As the New York Times explained this summer, the new rules mean that the government, which has long paid thousands to treat and rehab injuries sustained in bathtub falls, will now also shell out the few bucks required to install a grab bar to prevent those falls. For believers in proactive, cost-effective medicine—or even in simple common sense—what’s not to like?

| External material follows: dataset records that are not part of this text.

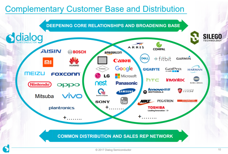 Was nach den dramatischen Entwicklungen der letzten Tage untergegangen ist war die durchaus viel versprechende Übernahme von Silego Technology, einem führenden Unternehmen im IoT und Consumer-OEM Markt, mit namhaften Kunden wie GoPro, Fitbit, Nike usw. Für diese Übernahme bezahlte Dialog knapp 300 Mio. US$ in bar und halbierte so den in den letzten Jahren angehäuften Barmittelbestand. Der Umsatz von Silego wird 2017 bei rund 80 Mio. US$ liegen und würde bei entsprechendem Wachstum 2018/19 sicherlich einen Teil der möglichen Umsatzausfälle von Apple ausgleichen.
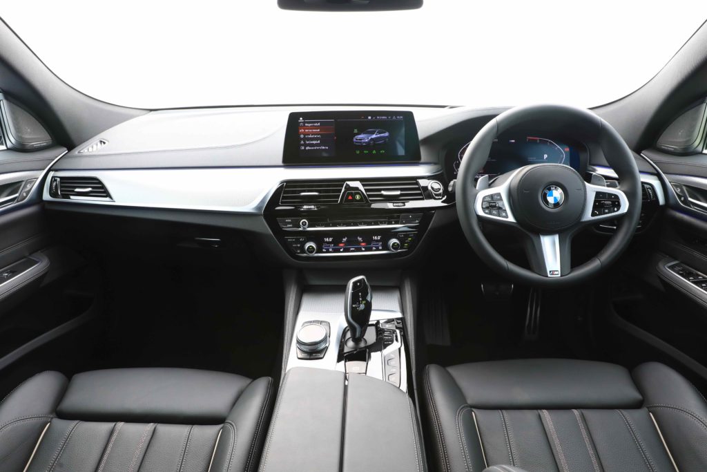 ห้องโดยสารของ 630i GT M Sport ออกแบบมาโดยคำนึงถึงผู้ขับขี่เป็นสำคัญ เบาะที่นั่งคนขับยกสูงเพื่อวิสัยทัศน์ที่กว้างรอบด้านยิ่งขึ้น จัดวางปุ่มควบคุมต่าง ๆ ให้เข้าถึงง่ายระหว่างขับขี่ เส้นสายการออกแบบและวัสดุแสดงถึงความประณีตและความเหนือระดับ ภายในห้องโดยสารใช้โทนสีดำเป็นหลัก ตกแต่งด้วยวัสดุ Aluminium Rhombicle with finisher Pearl Chrome แดชบอร์ดด้านบนหุ้มด้วยหนัง Sensatec หลังคาห้องโดยสารสีดำ Anthracite และมีไฟสร้างบรรยากาศในห้องโดยสาร 6 สี
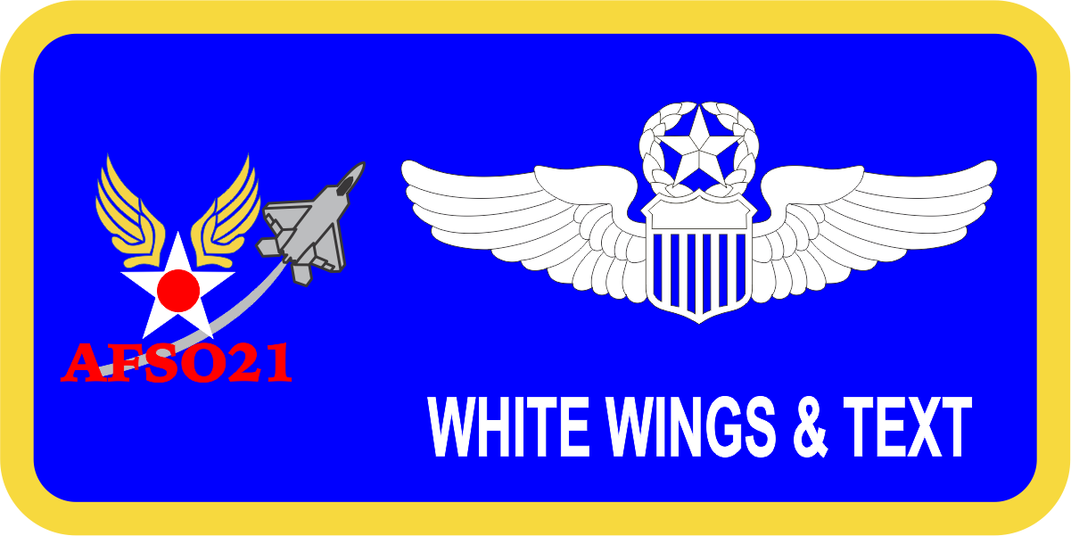 Pentagon AFSO21 Name Tag AF Blue Background with AF Yellow Border with White Text and Wings, AFSO21 Logo
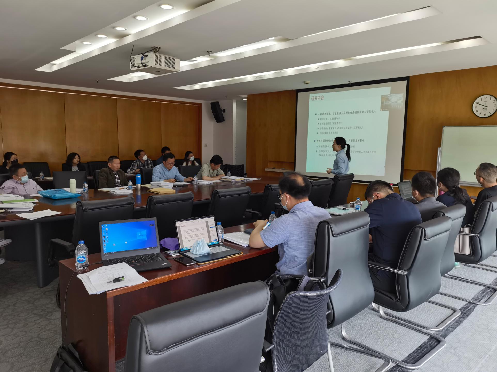 在本次汇报中,吴超、王杉、徐清、张文闻、陈鸣、张雪琴、祁毓、董雯、叶伟九位博士完成了题为《中国经济高质量发展:理论与实证》、《中国式现代化基本经济制度质量量化研究——基于制度系统性视角》、《中国企业跨国并购的动因、绩效及其影响因素研究》、《“双循环”背景下的人民币离岸金融市场发展研究》、《贸易冲击与要素市场变动:产业关联和动态生产方式视角》、《当代资本主义金融化与经济停滞理论研究》、《中国环境公共事务治理之道:目标、监督与激励》、《新一轮科技革命对中国劳动力市场的影响研究》、《提升人民币SDR权重目标下的人民币跨境结算研究》的出站汇报工作。
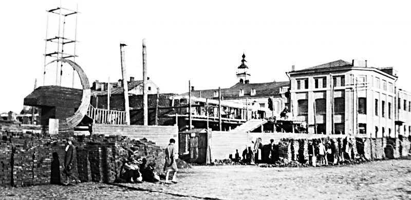 Курск, 1933 год. Возводят 2-й этаж «шестёрки». На заднем плане видна колокольня Фроловской церкви
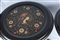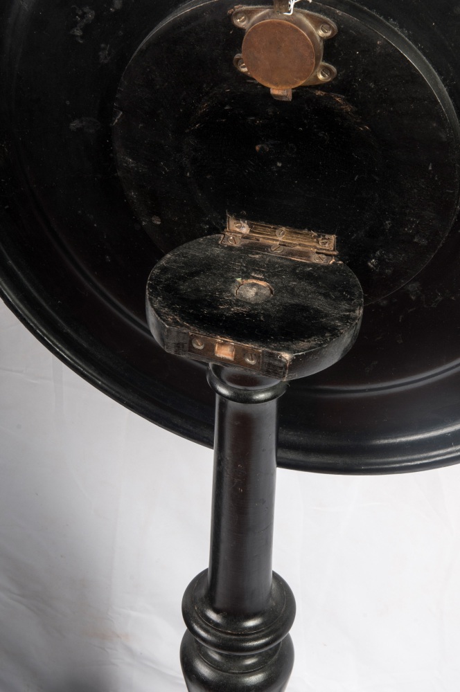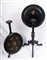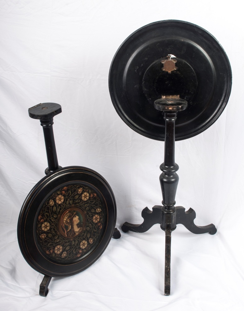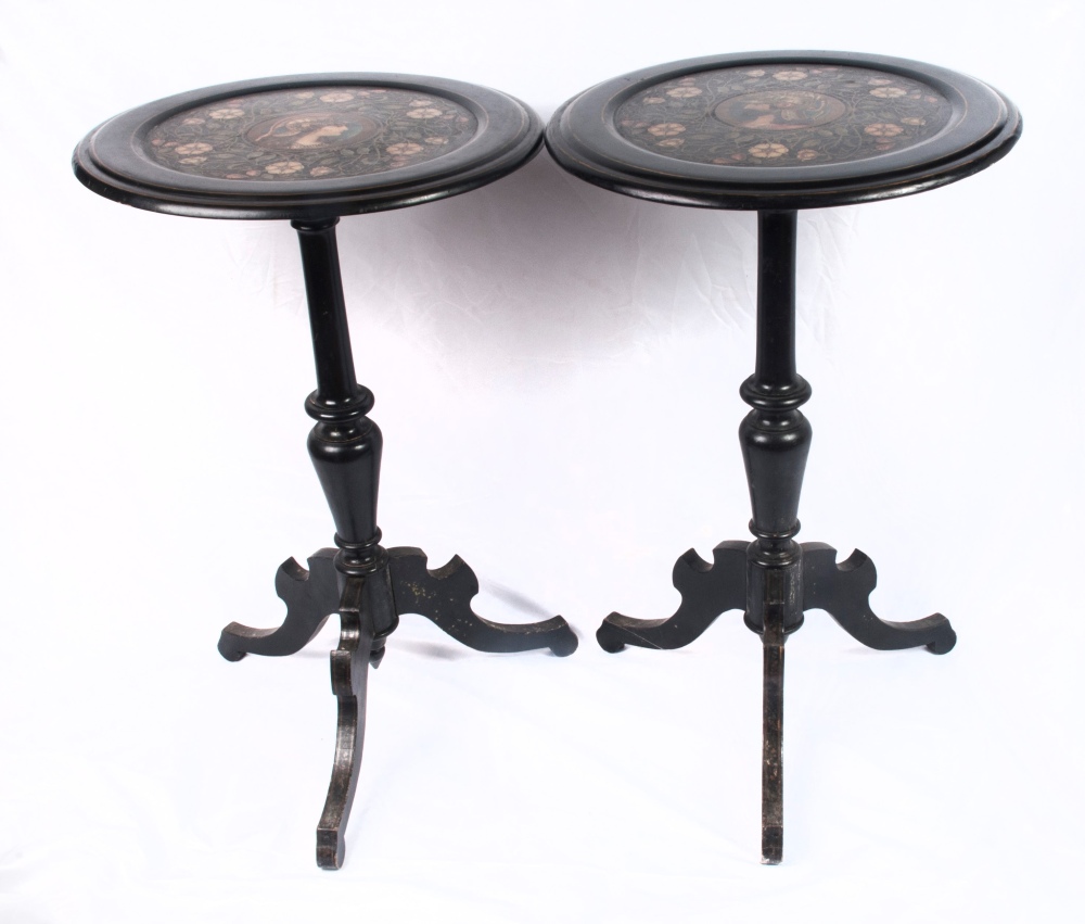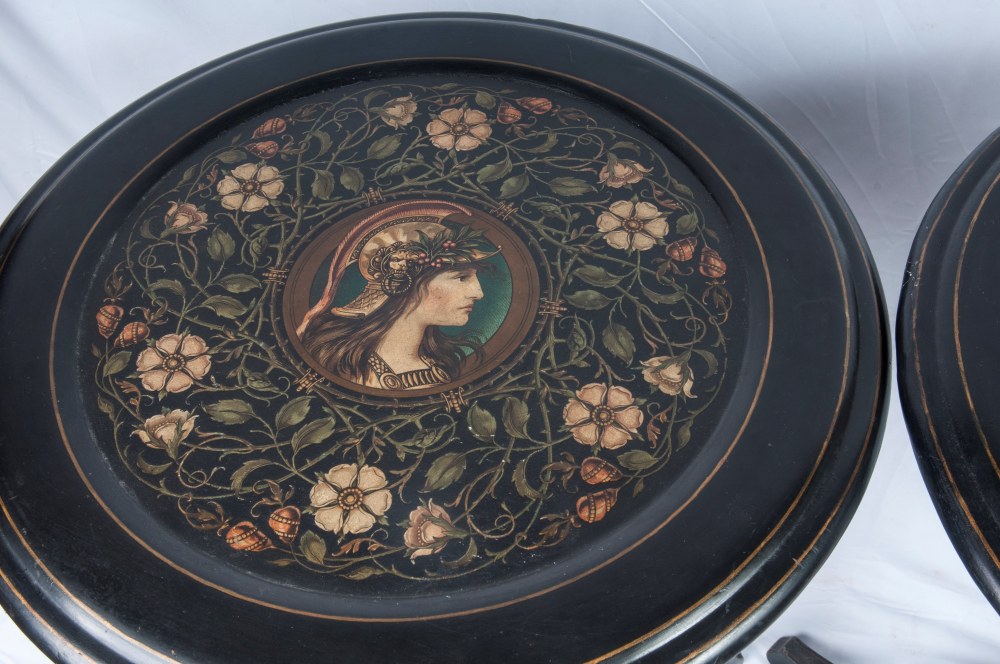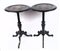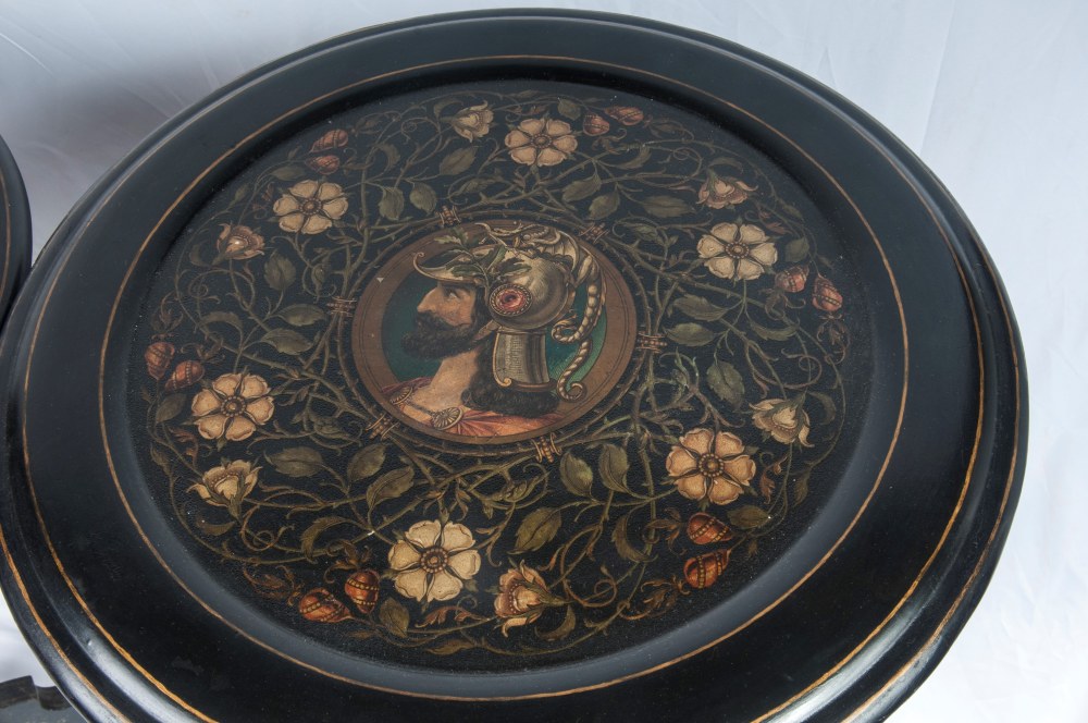 Coppia di gueridon a velapiano tondo con effigie di guerrieri maschile e femminile, fusto a fuso con anello centrale rastremato verso il basso, terminante con tre piedi da appoggio a virgola. In monocromo nero, presentano la superficie dei piani con decorazioni floreali policrome intorno alle due figure.

A lot, say critics. They point out that the 2018 rule change also allows MA plans to deviate from the required standard set of benefits, varying them for certain diseases or geographic areas, with hard-to-foresee results. And they worry that adding sweeteners to privately run MA coverage gives it an unfair advantage over traditional Medicare, which doesn’t cover the new services. It’s no wonder companies are flocking to offer MA options, they say, because MA is a bonanza for plans, who reap—in the words of Don McCanne, MD, senior health policy fellow at Physicians for a National Health Program—“greater reimbursement rates than their costs and what they are statutorily entitled to.” The administration’s real goal, he believes, is “to move a critical threshold of patients out of traditional Medicare wherein they can begin to sharply reduce federal payments to the traditional program, thus privatizing Medicare.”
That grab bar, in other words, may actually be a Trojan horse.
Or maybe not. Laura Skopec, a research associate at the Urban Institute’s Health Policy Center, notes that MA plans enjoyed buoyant growth during the Obama years and are chosen by millions of big-city residents who vote blue. “Medicare Advantage has actually been a fairly bipartisan program,” she says. “It’s not contentious in quite the way the marketplaces are in the individual market.”
That said, she and other analysts concede that the playing field between MA and standard Medicare isn’t yet completely level.